Below are records to return verbatim; the pictures are to be dropped.

◆ **Information shown**:
*** Begin section ***
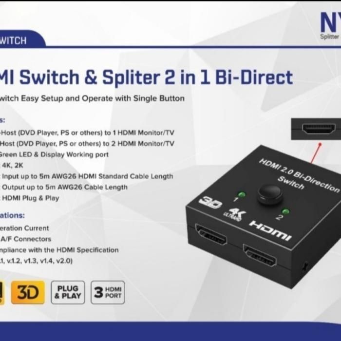 NYK HDMI SWITCH & SPLITTER 2 IN 1 BI-DIREC 2 PORT 4K 2K
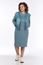 Костюм трехпредметный: состоит из жакета, жилета и брюк. Жакет прямого силуэта на подкладке. Спинка со средним швом. На полочке нагрудная вытачка переведена в прорезной карман с клапаном и листочкой. Линия плеч расширена. Рукава втачные, длинные, двухшовные. Воротник отложной, пиджачного типа на отрезной стойке. Однобортная застежка на петли и пуговицы. Жилет полуприлегающего силуэта на подкладке. По переду вытачка, переходящая в подрез, функциональный карман. Застежка на петли-пуговицы. По спинке вытачки и хлястик. Элегантные брюки прямого кроя с боковыми карманами с отрезным бочком. Застежка на молнию и пуговицу. По переду - складки. Задние половинки с талиевыми вытачками и прорезными карманами с листочкой. Верхний срез обработан притачным поясом. Низ обработан швом в подгибку.
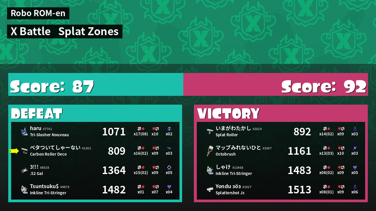 | Mode | Splat Zones - X Battle | ||
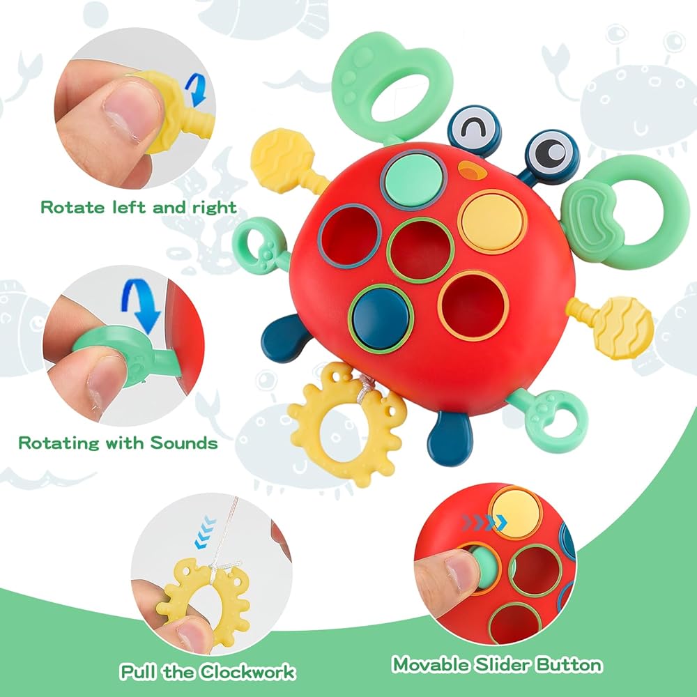 • ألعاب سحب السلطعون مونتيسوري: مصنوعة من السيليكون وABS، هذه اللعبة الحسية لسرطان الأطفال مصممة لمهارات الطفل الحركية الدقيقة. 3 أزرار ضغط قابلة للانزلاق لتمرين التنسيق بين اليد والعين لدى الطفل. ذراع عضاضة بخيط سحب يجعل لثة التسنين أكثر راحة. اسحب الخطاف لأعلى ولأسفل لإصدار الأصوات وهز عيون لعبة السلطعون.
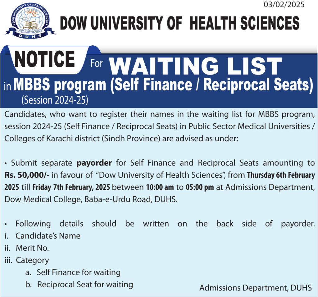 NOTICE for Waiting List in MBBS program (Self Finance / Reciprocal Seats) (Session 2024-25)
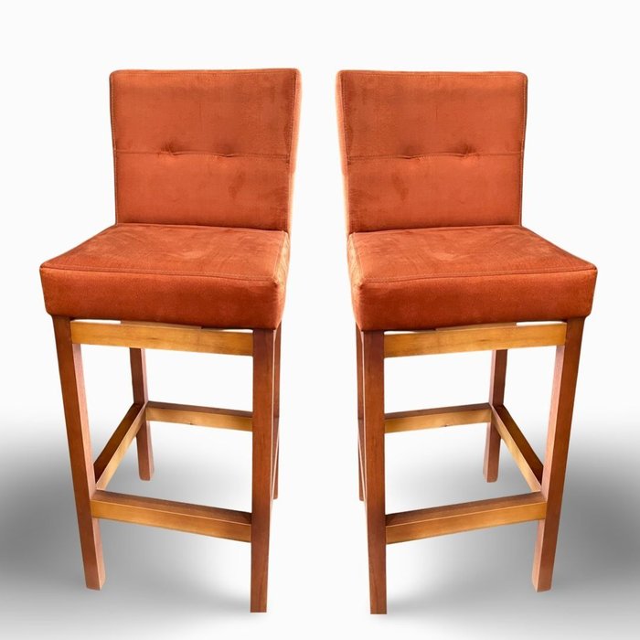 Kit 02 Banquetas Alta com Encosto Anatomico Tokio Suede Terracota - G2home Terracota
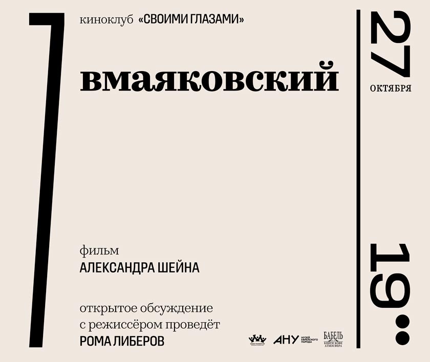 27 октября в АНУ — Музее еврейского народа случится седьмой показ киноклуба «Своими глазами», который будет посвящен 105-летию одной из самых масштабных трагедий XX века – Революции 1917 года. Ее главным певцом советская пропаганда называла Владимира Маяковского. Режиссер Александр Шейн собрал блестящую группу для долгой работы – получился фильм «ВМаяковский», который он впервые представит в Израиле.
*** End section ***
◆ **The completed task**:
 NYK HDMI SWITCH & SPLITTER 2 IN 1 BI-DIREC 2 PORT 4K 2K
 Костюм трехпредметный: состоит из жакета, жилета и брюк. Жакет прямого силуэта на подкладке. Спинка со средним швом. На полочке нагрудная вытачка переведена в прорезной карман с клапаном и листочкой. Линия плеч расширена. Рукава втачные, длинные, двухшовные. Воротник отложной, пиджачного типа на отрезной стойке. Однобортная застежка на петли и пуговицы. Жилет полуприлегающего силуэта на подкладке. По переду вытачка, переходящая в подрез, функциональный карман. Застежка на петли-пуговицы. По спинке вытачки и хлястик. Элегантные брюки прямого кроя с боковыми карманами с отрезным бочком. Застежка на молнию и пуговицу. По переду - складки. Задние половинки с талиевыми вытачками и прорезными карманами с листочкой. Верхний срез обработан притачным поясом. Низ обработан швом в подгибку.
 | Mode | Splat Zones - X Battle | ||
 • ألعاب سحب السلطعون مونتيسوري: مصنوعة من السيليكون وABS، هذه اللعبة الحسية لسرطان الأطفال مصممة لمهارات الطفل الحركية الدقيقة. 3 أزرار ضغط قابلة للانزلاق لتمرين التنسيق بين اليد والعين لدى الطفل. ذراع عضاضة بخيط سحب يجعل لثة التسنين أكثر راحة. اسحب الخطاف لأعلى ولأسفل لإصدار الأصوات وهز عيون لعبة السلطعون.
 NOTICE for Waiting List in MBBS program (Self Finance / Reciprocal Seats) (Session 2024-25)
 Kit 02 Banquetas Alta com Encosto Anatomico Tokio Suede Terracota - G2home Terracota
 27 октября в АНУ — Музее еврейского народа случится седьмой показ киноклуба «Своими глазами», который будет посвящен 105-летию одной из самых масштабных трагедий XX века – Революции 1917 года. Ее главным певцом советская пропаганда называла Владимира Маяковского. Режиссер Александр Шейн собрал блестящую группу для долгой работы – получился фильм «ВМаяковский», который он впервые представит в Израиле.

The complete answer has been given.